(Information provided):
========
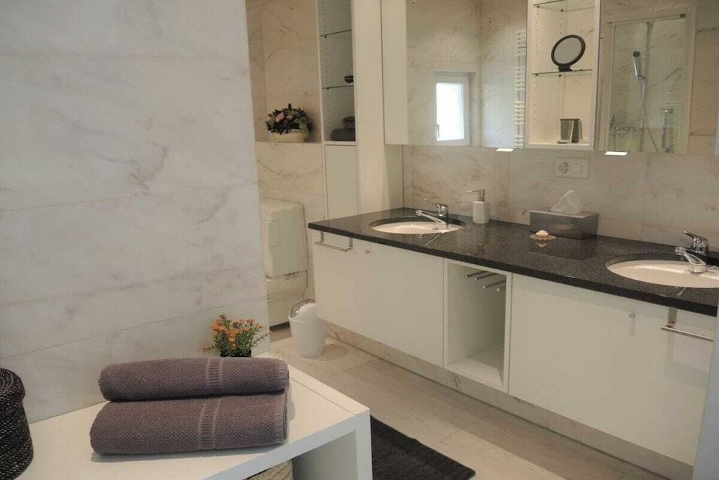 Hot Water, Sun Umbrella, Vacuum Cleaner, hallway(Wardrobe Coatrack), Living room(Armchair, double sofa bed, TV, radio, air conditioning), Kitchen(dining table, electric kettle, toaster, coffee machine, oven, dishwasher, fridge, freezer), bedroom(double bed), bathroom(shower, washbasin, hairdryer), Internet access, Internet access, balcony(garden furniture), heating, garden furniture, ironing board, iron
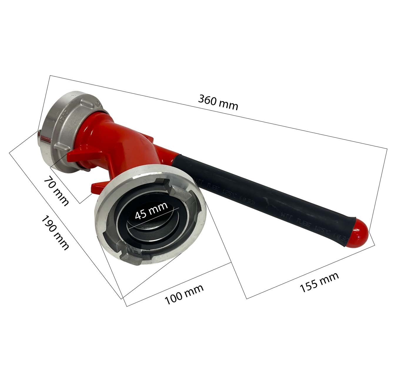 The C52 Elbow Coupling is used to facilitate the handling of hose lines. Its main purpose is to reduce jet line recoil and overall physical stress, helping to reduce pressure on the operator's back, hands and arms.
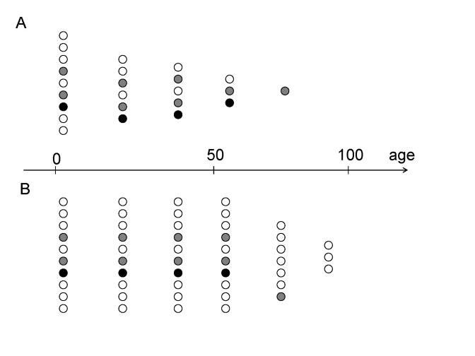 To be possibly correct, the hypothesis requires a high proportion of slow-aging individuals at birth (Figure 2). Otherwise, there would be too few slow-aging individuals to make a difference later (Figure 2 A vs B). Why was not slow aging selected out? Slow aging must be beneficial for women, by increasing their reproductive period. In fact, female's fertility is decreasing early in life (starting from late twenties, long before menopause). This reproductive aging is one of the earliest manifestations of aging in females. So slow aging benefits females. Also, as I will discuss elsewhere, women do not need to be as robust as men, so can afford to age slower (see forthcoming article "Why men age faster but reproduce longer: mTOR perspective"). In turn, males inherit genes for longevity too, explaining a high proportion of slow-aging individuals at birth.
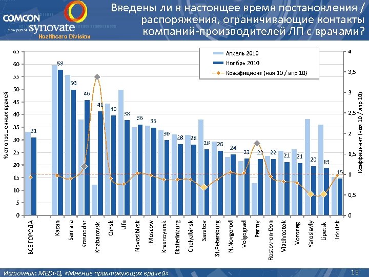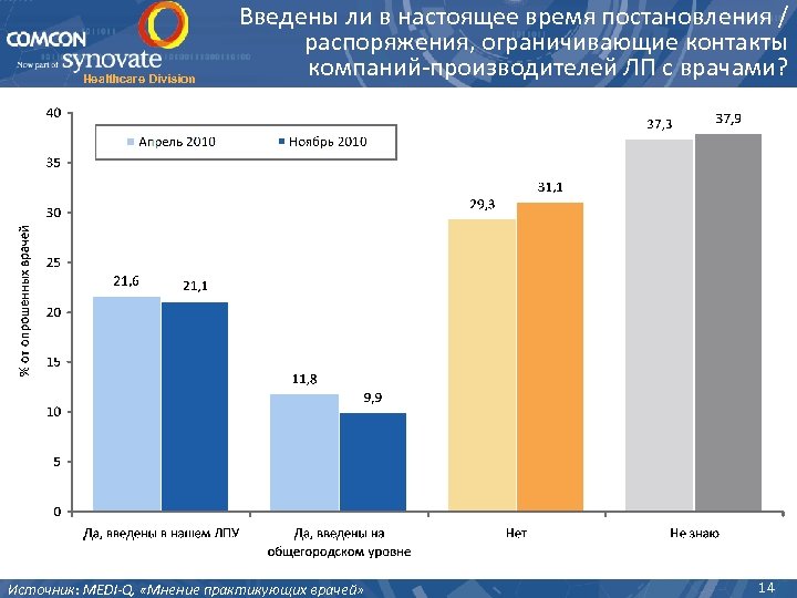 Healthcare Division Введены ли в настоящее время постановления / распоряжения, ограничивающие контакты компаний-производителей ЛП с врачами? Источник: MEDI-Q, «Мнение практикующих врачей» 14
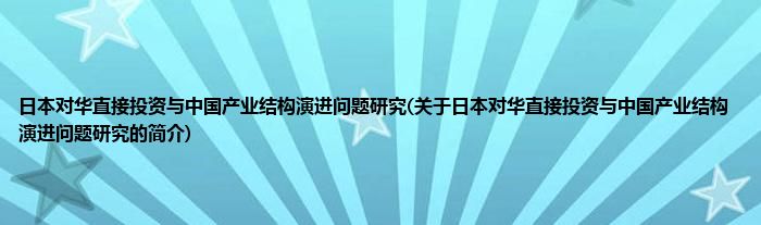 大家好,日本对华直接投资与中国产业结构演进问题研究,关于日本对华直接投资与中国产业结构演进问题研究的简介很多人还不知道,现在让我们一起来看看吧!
========
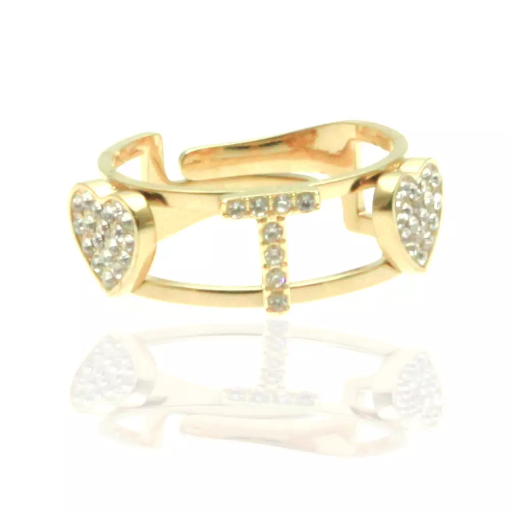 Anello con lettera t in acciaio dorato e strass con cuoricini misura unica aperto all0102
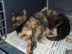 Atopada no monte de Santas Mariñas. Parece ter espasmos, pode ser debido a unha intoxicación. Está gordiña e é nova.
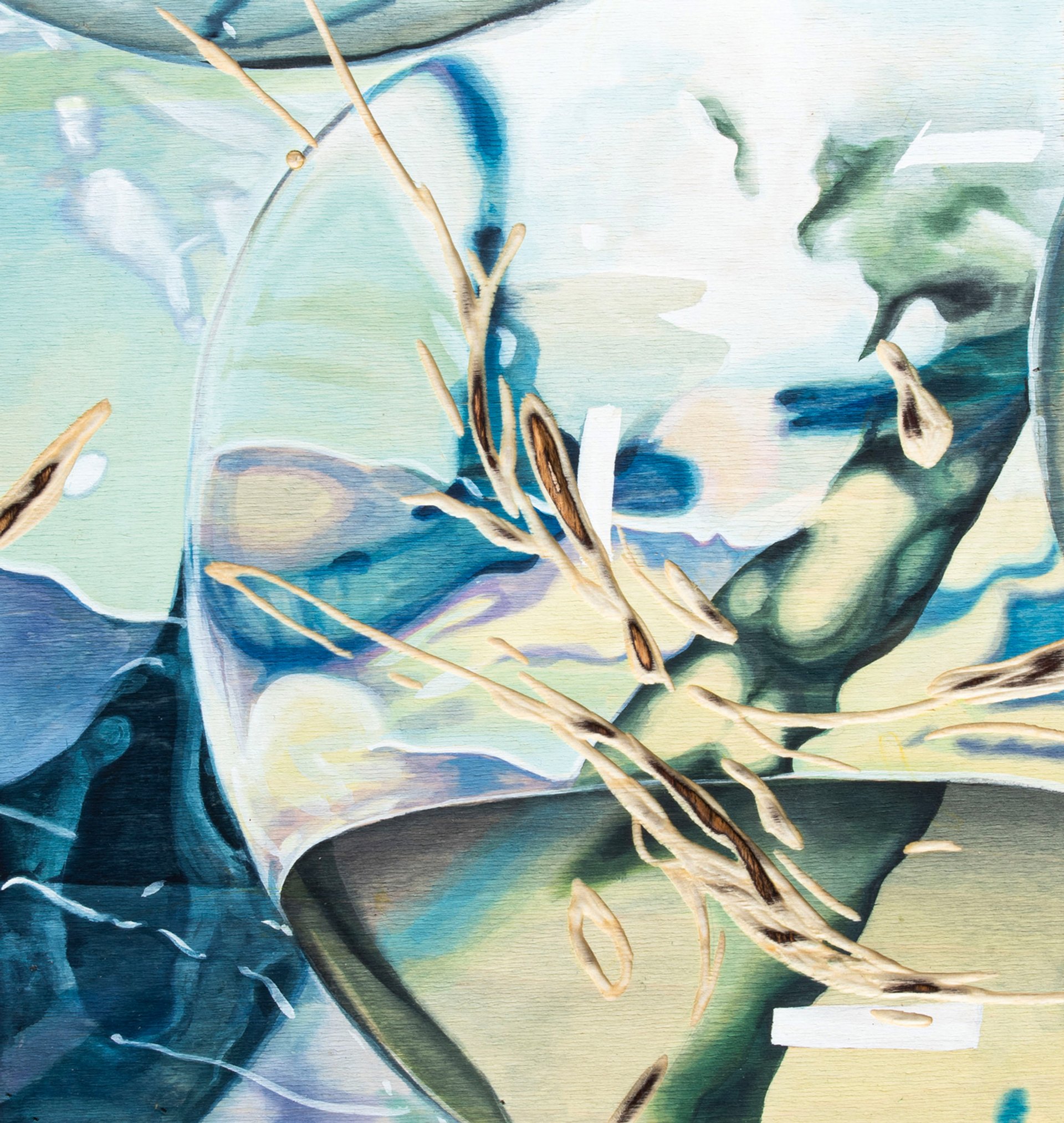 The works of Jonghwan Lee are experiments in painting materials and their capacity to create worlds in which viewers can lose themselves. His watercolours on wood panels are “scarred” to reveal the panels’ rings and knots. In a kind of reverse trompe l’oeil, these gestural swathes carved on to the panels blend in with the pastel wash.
========
(Required action): In the entries above, find the line that contains "Anello con lettera" and the line that contains "Atopada no monte". Reproduce exactly those two lines and every line between them, but not the pictures.

(Answer for the task):
 Anello con lettera t in acciaio dorato e strass con cuoricini misura unica aperto all0102
 Atopada no monte de Santas Mariñas. Parece ter espasmos, pode ser debido a unha intoxicación. Está gordiña e é nova.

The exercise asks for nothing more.